I'm doing something today that I don't ever do. I am not sure why I'm posting this. But I am. For the first time ever, and possibly the only time, I'm giving you a snippet from something I'm writing.
I KNOW. I know. I promise I know.
I've been so pre-occupied and busy with life that I can not work on my WIP. So, I started playing with this short story. THIS short story. It's a rough, rough, rough draft. (I haven't even finished it yet! I haven't edited. My CPs haven't even read it! eek. I have done nothing. Nothing.) But, I hope it makes you laugh. Maybe? I don't do funny a lot. I don't do short stories a lot. I guess it is a day of firsts!! Anyway, enjoy....(Sorry for the spacing!)
Fat Girl in a Cupcake World
I know I’m the fat girl buying little chocolate cupcakes at the gas station. I saw myself in the mirror before I left. I struggled to breathe while walking down the sidewalk to get to this stupid gas station. I argued with myself the whole way here because this guy—the dark-haired-and-flannel-one at the register ringing out some old lady buying lottery tickets—is always here when I come in to buy these damn chocolate cupcakes.
“This all?” he asks.
I nod, because of course it. Golden crème cupcakes. Cookies. Doritos. A blue raspberry slush, which is for the boy I babysit and not for me.
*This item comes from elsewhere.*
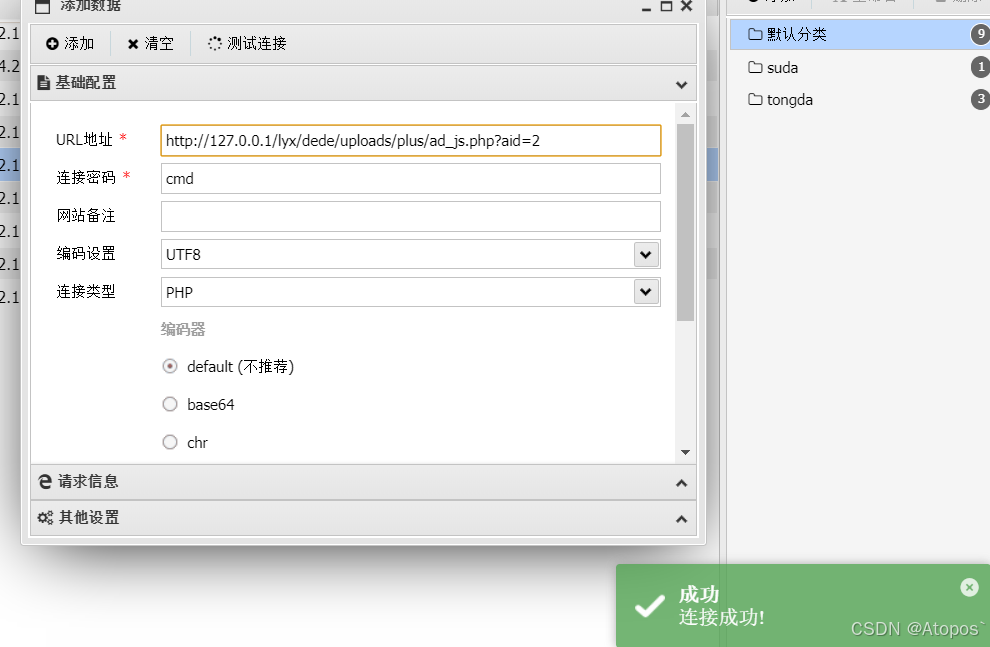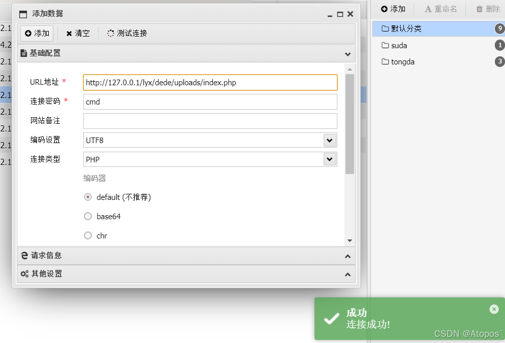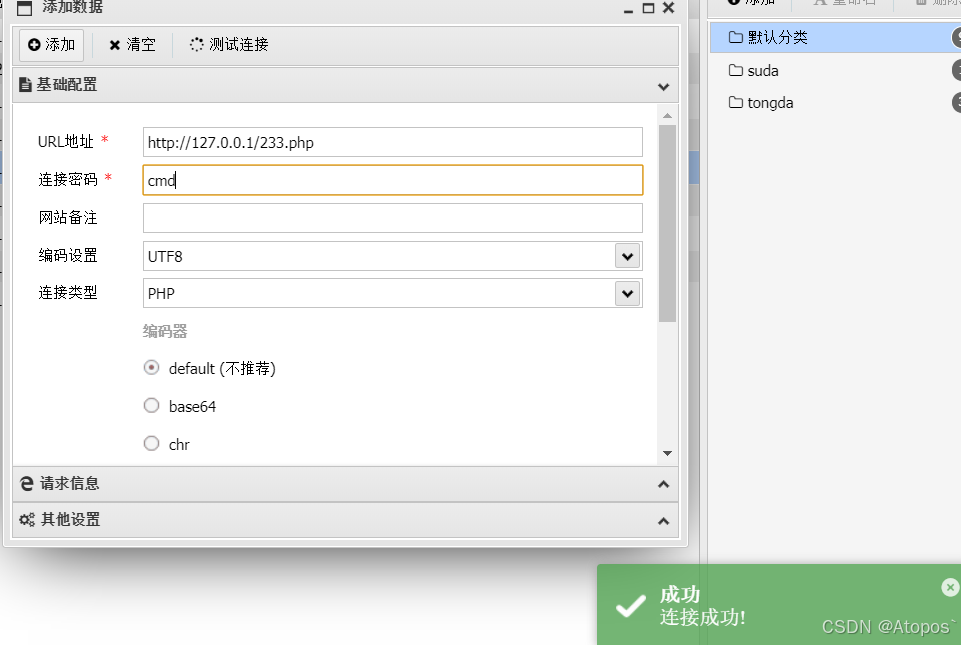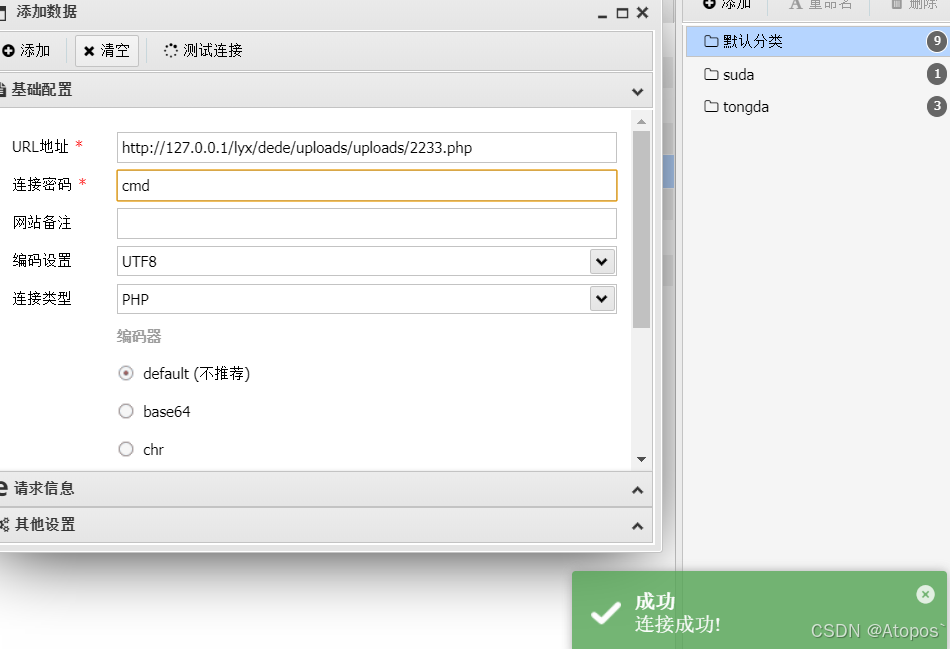 点击解压即可将其解压出来,然后访问,并用蚁剑成功连接

He nods back. He’s seen it before. He’s always here. Always. And I have to face him, to watch him look me up down while he scans the little buggers and tells me a total. I read his face with those big eyes full of disgust and disappointment.
“$7.58,” he says.
I hand him the cash and he starts putting my junk in a bag. He gives me The Look when he hands it over. I smile, even though all I want to do now is shove these little cupcakes into his face. I hate The Look. I know it so well because everyone has it. That “why don’t you exercise instead of eat” look. Even my best friend has it in the corner of her eye when we go out somewhere. That shame of having to stand next to me.
And I get it. I really, really get it.
I stare at other fat people and my stomach churns because they disgust me. It’s laughable. There’s always this thought that I’m not that big. I tell myself I will never be that fat.
In reality, I am. I am that fat. I deserve The Look.
My phone sings Lady Gaga to me—Courtney’s ringtone—when I cross the sidewalk. I take a bite of one of the delicious, marvelous, disgust-myself cupcakes and mutter hello in my phone.
“Nina! Where are you? There’s a party tonight. We. Have. To. Be. There.”
I roll my eyes. “I’m babysitting.”
She whines in the phone. “But we have to go! Chance will be there.” I make a noise. “Chance Brennan!” Then, she squeals. A long, sharp, annoying sound. I pull the phone away too quick and nearly drop my cupcake.
“Go without me. I’m with Jake tonight. I told Mrs. H I’d be there until 10.”
Courtney squeals again. “Ten is perfect. I’ll pick you up then.”
“I’m so excited! He hasn’t been here in…forever. I don’t even know.”
I do. Eight months. I don’t say that though. I don’t want to encourage her. I also don’t want her to know that I’m well aware of how long Chance Brennan has been gone. It wasn’t long enough.
“Court, I don’t want to—”
“What are you eating?” she asks suddenly.
I swallow the last bite of my cupcake. “Nothing.”
“What were you eating?” I don’t answer. I shove the package and the other goodies deeper into my large bag. “Cupcake?”
“I have to go, Court. I’m here. I’ll talk to you later.”
“I’m picking you up at 10!” she yells before I hang up.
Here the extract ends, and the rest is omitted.